===== Record excerpts =====
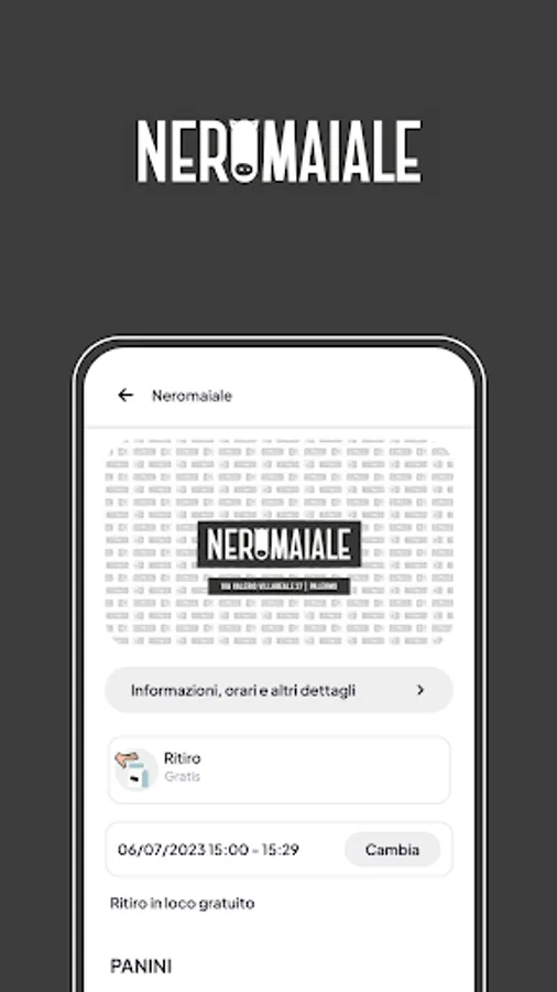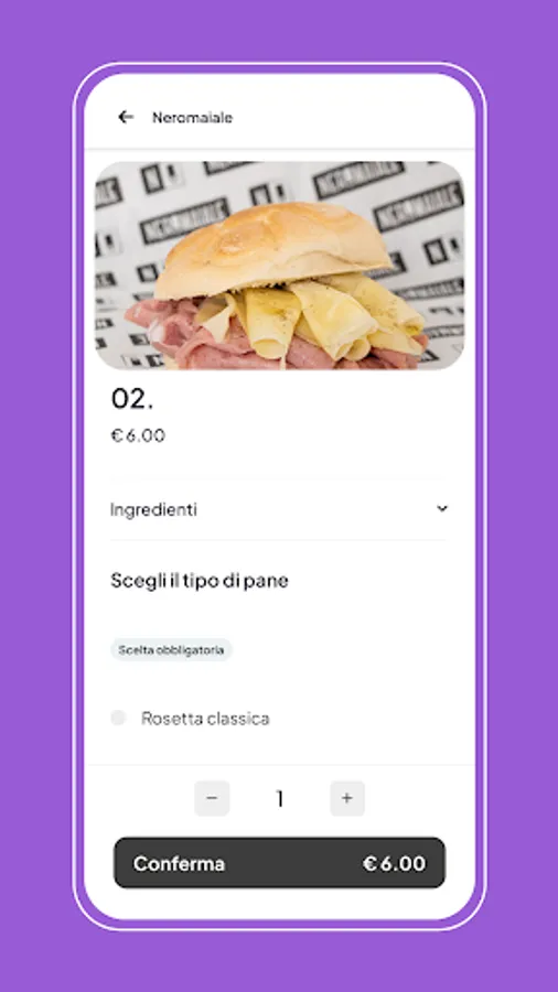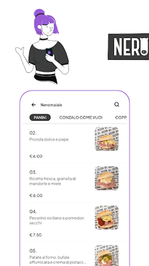 With the Neromaiale app you can consult the menu at any time to discover all the proposed flavor combinations, without forgetting that you can compose your dream sandwich by choosing every single ingredient to add, including fresh and aged cheeses, cooked or raw vegetables, pesto , creams and grains.
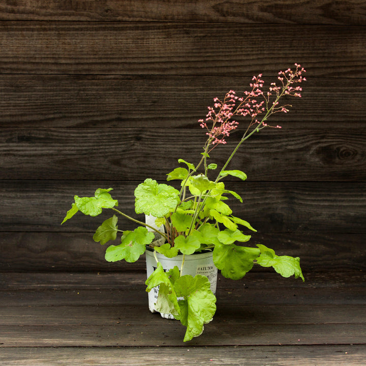 Pistachio Ambrosia Heuchera is an evergreen herbaceous perennial with a robust low mounding habit grown for its dramatic basal foliage. The large round-lobed lime chartreuse foliage that turns golden chartreuse with more sun. Flowering stems sporting airy clusters of pink bell-like flowers go up in midsummer attracting butterflies. Best color best in partial sun and moist well-drained soils.
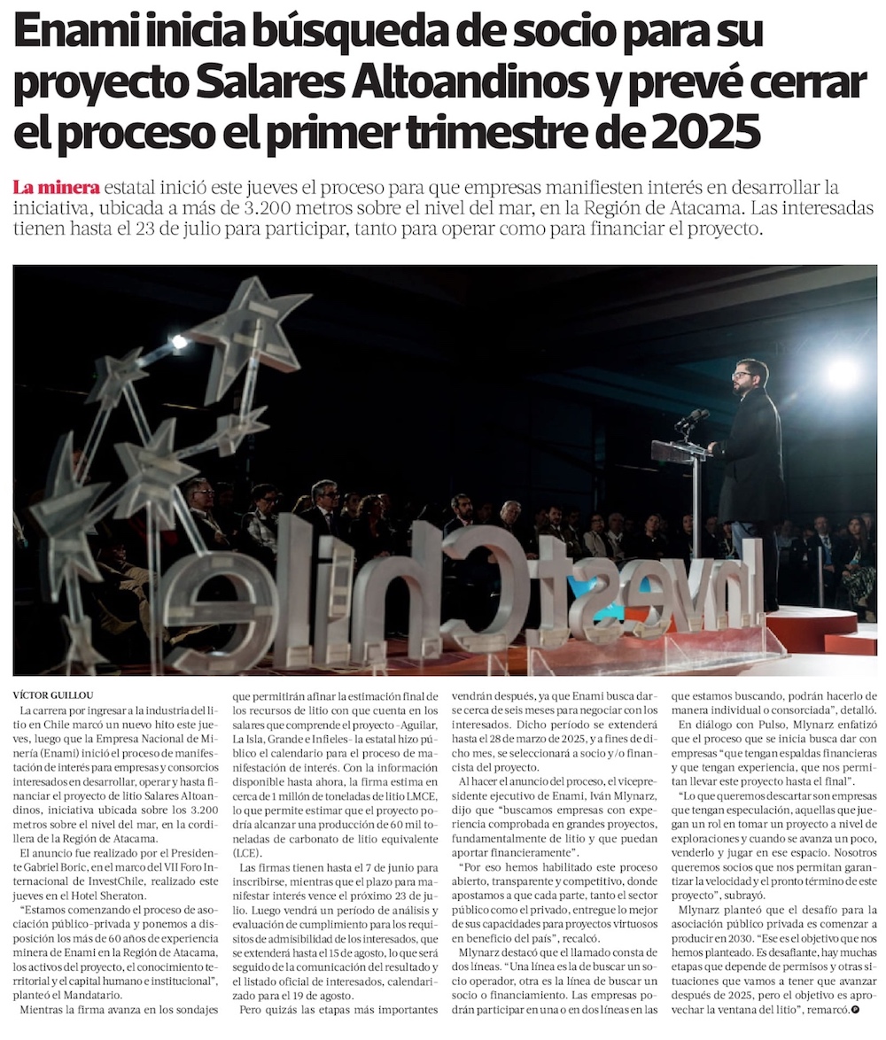 Enami inicia búsqueda de socio en litio - (El Mercurio de Santiago)
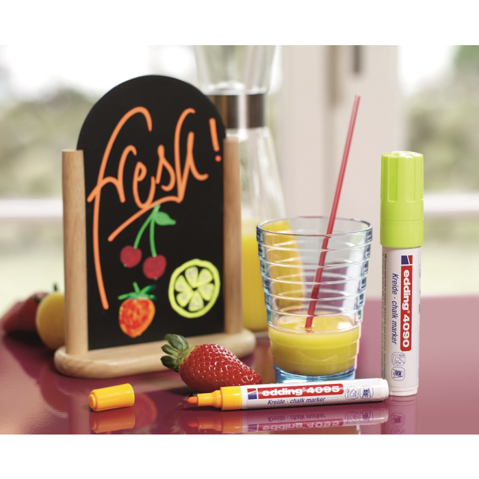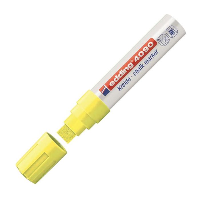 Popisovač s kriedovým atramentom neutrálnej vône na báze vody. Vhodný na sklo a takmer všetky druhy nepórovitých povrchov. Atrament rozpustný vo vode, stierateľný vlhkou handričkou. Hrot zrezaný, šírka stopy 4---15 mm. Väčšie balenie 5 ks. Farba: neónovožltá Hrot: 4-15 mm Typ: zrezaný
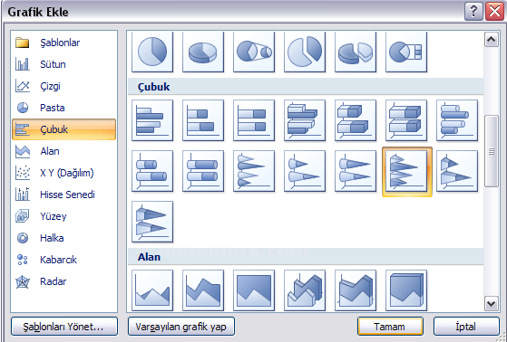 Varsayılan Grafik Yap kullanılacak olan grafik türünü ayarlamaya yarar.
=====
_Aim of the task_
Write every record out again exactly; no pictures belong in the copy.

_Reply_
 With the Neromaiale app you can consult the menu at any time to discover all the proposed flavor combinations, without forgetting that you can compose your dream sandwich by choosing every single ingredient to add, including fresh and aged cheeses, cooked or raw vegetables, pesto , creams and grains.
 Pistachio Ambrosia Heuchera is an evergreen herbaceous perennial with a robust low mounding habit grown for its dramatic basal foliage. The large round-lobed lime chartreuse foliage that turns golden chartreuse with more sun. Flowering stems sporting airy clusters of pink bell-like flowers go up in midsummer attracting butterflies. Best color best in partial sun and moist well-drained soils.
 Enami inicia búsqueda de socio en litio - (El Mercurio de Santiago)
 Popisovač s kriedovým atramentom neutrálnej vône na báze vody. Vhodný na sklo a takmer všetky druhy nepórovitých povrchov. Atrament rozpustný vo vode, stierateľný vlhkou handričkou. Hrot zrezaný, šírka stopy 4---15 mm. Väčšie balenie 5 ks. Farba: neónovožltá Hrot: 4-15 mm Typ: zrezaný
 Varsayılan Grafik Yap kullanılacak olan grafik türünü ayarlamaya yarar.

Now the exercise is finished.